Why do a SWOT analysis? The world changes - and so must your company. In order to make good changes, you must have a clear idea of where you are strong and weak, as well as see the possibilities for growth and whatever market pitfalls are lurking out there. After doing SWOTs, you can develop a solid business plan, a plan based on reality. In short order, you will have a good idea of what you have to do to continue your success. This assessment will help you define areas for improvement, seize opportunities in the marketplace and anticipate threats. Think about it - how can you possibly capitalize on your strengths and the current opportunities if you don't know what they are? Similarly, how can you shore up your weaknesses and prepare for changes in the marketplace if you don't know what they are?

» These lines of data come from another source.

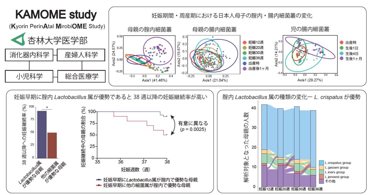 杏林大学(東京都三鷹市。学長:渡邊 卓)医学部の消化器内科学教室、産科婦人科学教室、小児科学教室、総合医療学教室からなる研究グループ(※)が、日本人妊婦において妊娠早期の腟内に乳酸菌の一種であるLactobacillus属(ラクトバチルス属)が多く存在することが良好な妊娠経過と関連することを初めて明らかにしました。
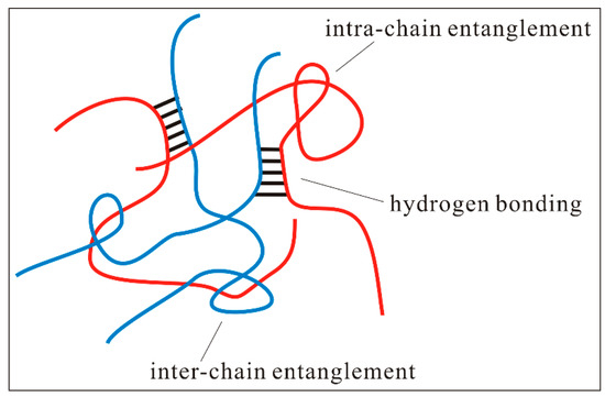 Schematic diagram of DNA hydrogels based on DNA chain entanglement (including intra- and inter-chain entanglement) and hydrogen bonding of long single-stranded DNAs.
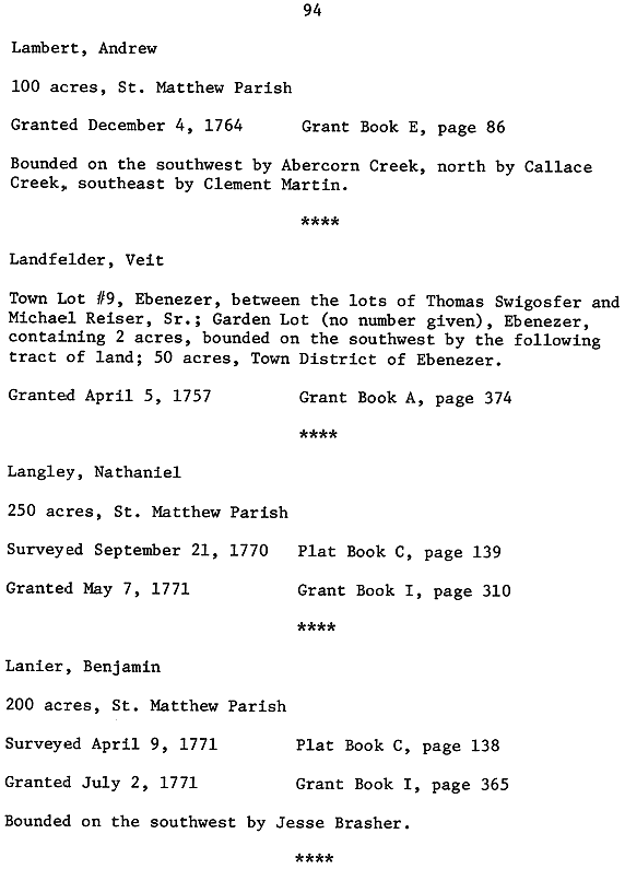 English Crown Grants in St. Matthew Parish in Georgia, 1755 - 1775
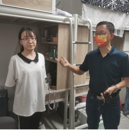 袁书记叮嘱同学们遇到困难要及时和班主任、辅导员、专业老师和班助沟通。此外,袁书记对员工的安全倍加关心,一再叮嘱新生一定要注意安全,提高安全意识,并仔细查看了各个寝室的各种设施,确保设施的完善性。
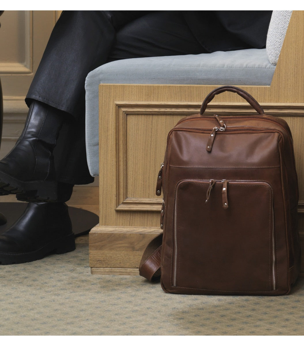 Her får du Cab Florens rygsæk fra Carlo. Rygsækken er fremstillet i flot kalveskind, som er udstyret med 3 separate rum hvor største rum passer til en 15” computer, samt små ekstra indvendige rum til opbevaring. Vatterede rygstykke samt bærestropper for maksimal bærekomfort. Elegant og tidløst design.

You probably think you know your company pretty well. And you do - in a day-to-day kind of way. Using SWOTs, you will see where your company needs to go a year from now.
Breaking down SWOTs
Strengths aren't forever. Over time, strengths can suddenly turn into weaknesses. Having an extremely well known brand is great - until something goes terribly wrong and that brand becomes synonymous with failure (think Enron or Edsel). Building the best product or offering the best service is a strength - until the day comes that those products (think typewriters, turntables, horse buggies) or that service (think milk delivery, armor repair, horse shoeing) have become obsolete.
Opportunities for some are threats to others. Rising oil prices in the 1970s were a huge opportunity for Japanese carmakers to enter the U.S. market. Those same high prices hurt the Big Three badly.
Let's take a company we all know and do a SWOTs analysis - Dell Computer. Dell doesn't have an R&D lab. They don't have patents on software or hardware. Their products are not “unique.” Yet, today, Dell is wildly successful.
S What are Dell's strengths?
Dell has a brilliant supply chain management.
Dell has NO stores, giving them a huge cost advantage.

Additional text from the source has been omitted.